On the jobs front, with a historically low unemployment rate of 3.6%, the US President looks more positive: 47% of those surveyed approve of his policy in this area, but 48% still disapprove.

And despite the White House’s efforts to prove otherwise, 32% of respondents think the US economy is performing worse than other countries. Only 30% believe it behaves better.

“The president touts his +Bidenomics+, but the needle of public opinion hasn’t really moved,” said Patrick Murray, director of the Monmouth University Polling Institute. “Americans give him little credit” in this matter.

Workers attend a speech by Joe Biden at a shipyard in Philadelphia, Pennsylvania (eastern United States) on July 20, 2023 (AFP - Mandel NGAN)
Workers attend a speech by Joe Biden at a shipyard in Philadelphia, Pennsylvania (eastern United States) on July 20, 2023 (AFP – Mandel NGAN)

American political polarization is at work here, too: Joe Biden scores well with Democratic voters, but particularly poorly among Republicans.

So White House spokeswoman Karin Jean-Pierre appealed for patience, recalling “historically low levels” of unemployment and good inflation data, and reiterated that the size of the US economy is the envy of the international community.

“Polls don’t tell the whole story,” he said.

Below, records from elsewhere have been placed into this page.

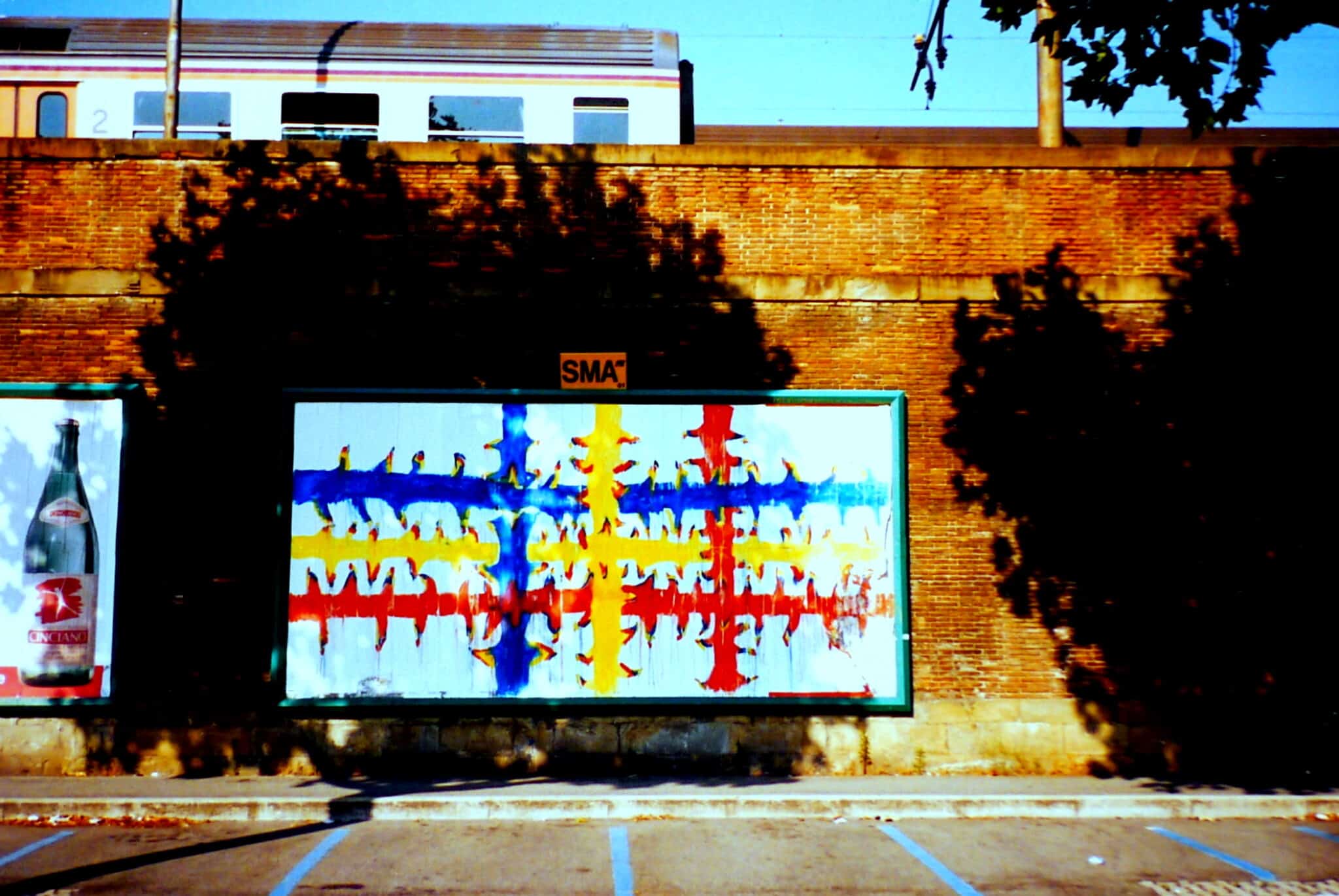 Lorenzo Pezzatini con il Filo creato nel 1977 costituisce il nucleo e la cellula generativa di tutto il suo lavoro: un oggetto filiforme e puntuto di colore acrilico blu, giallo e rosso, una vera e propria emanazione della pittura su tela, la forma ideale per alludere a una possibile trasformazione globale della realtà. Nato a Firenze nel 1944 si trasferisce nel 1974 negli Stati Uniti per ragioni di studio 1981 ottenendo un Master presso l’University of Massachussets – Amherst nel 1981. Negli anni ’80 ha vissuto a New York entrando in contatto con il graffitismo e a Roma dove dette inizio alla “Filografia Urbana” sui billboards 6X3, che in seguito avrebbe trasferito nelle strade di Firenze.
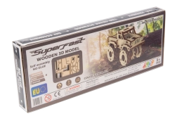 Ez a fa 3D puzzle, a MONSTER TRUCK 3, egyedülálló építési élményt kínál – ragasztó nélkül, rendetlenség nélkül, maximálisan pontos kivágásokkal. A modell az USA hadserege által használt első háború utáni teherjárművekből merít, és autentikus terepjárós megjelenést nyújt nagy kerekekkel és masszív fülkével.
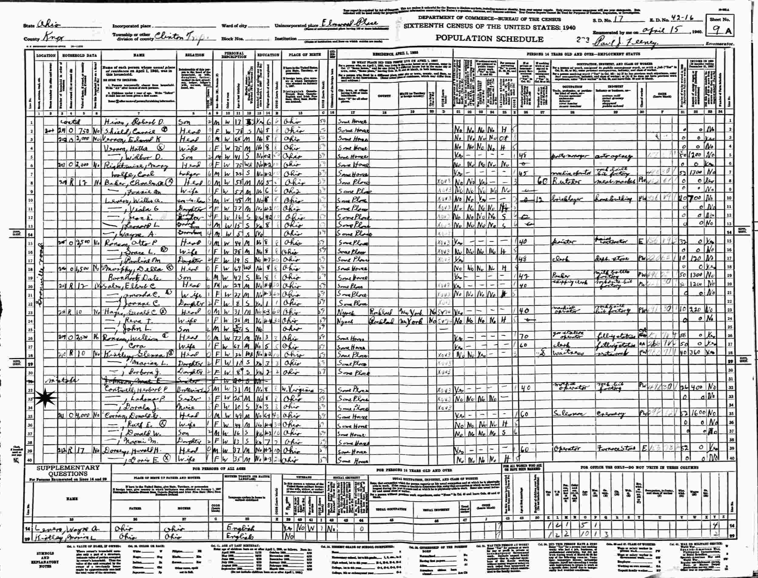 April 15, 1940 - Greenville Road, Supervisor's District 17, Enumeration District 42-16, Clinton Township, Elmwood Place, Knox County, Ohio.
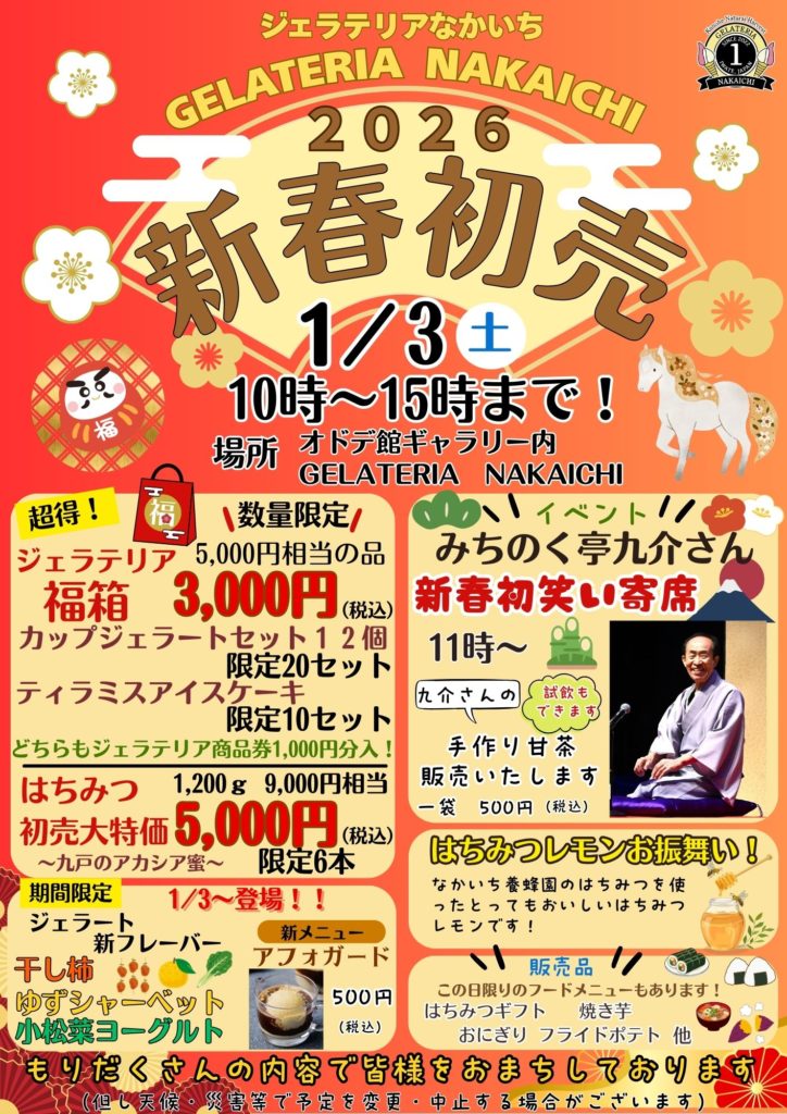 ジェラテリアなかいち「2026新春初売り」を開催いたします!
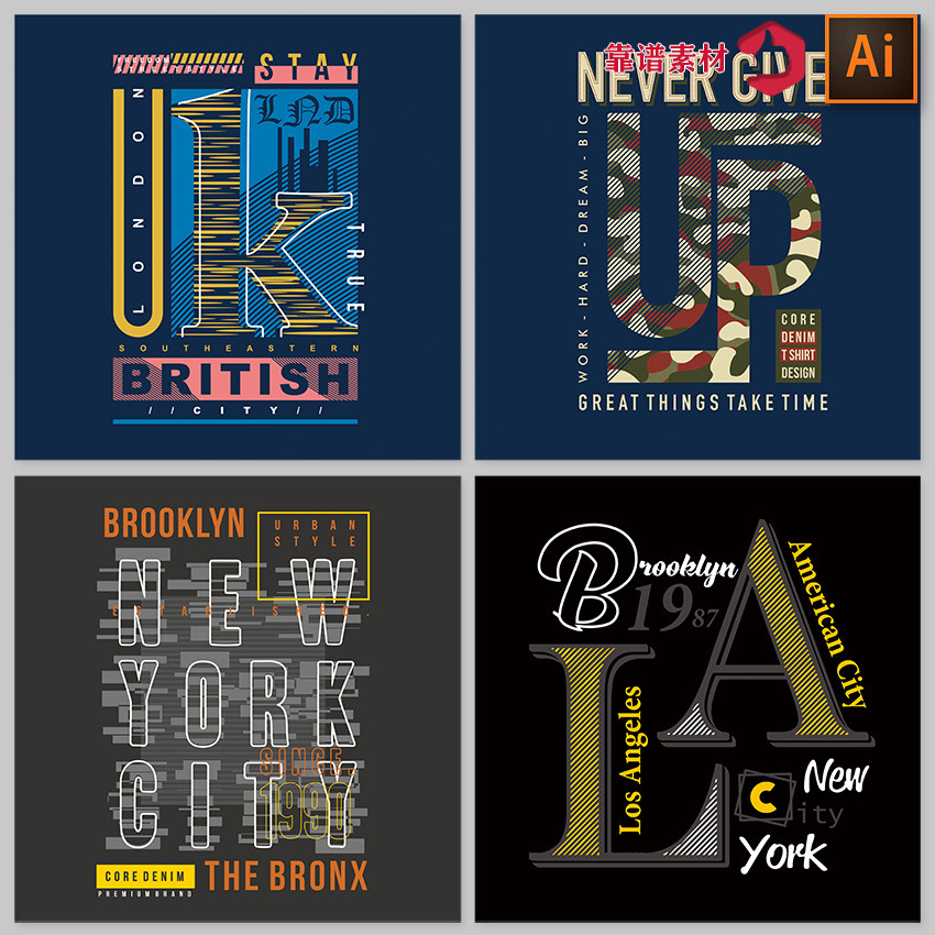 時(shí)尚創(chuàng)意潮流英文字母組合服飾服裝印花圖案裝飾畫AI矢量設(shè)計(jì)素材

At the end of his speech, the president went on to distribute ice cream to construction workers, showing himself confident and presenting his economic program as a historic opportunity to get the country back on track.

Projects like the offshore wind farm maintenance vessel, or the factories springing up across the United States, “instilled a sense of pride, hope and dignity that was slowly lost”, he said.

“For a long time, we were told +let’s leave industry in the United States+. How many times in the past 25 years have you read or heard that we can no longer be the dominant industrial power in the world? Well, we can and we will be,” Mr. Biden insisted.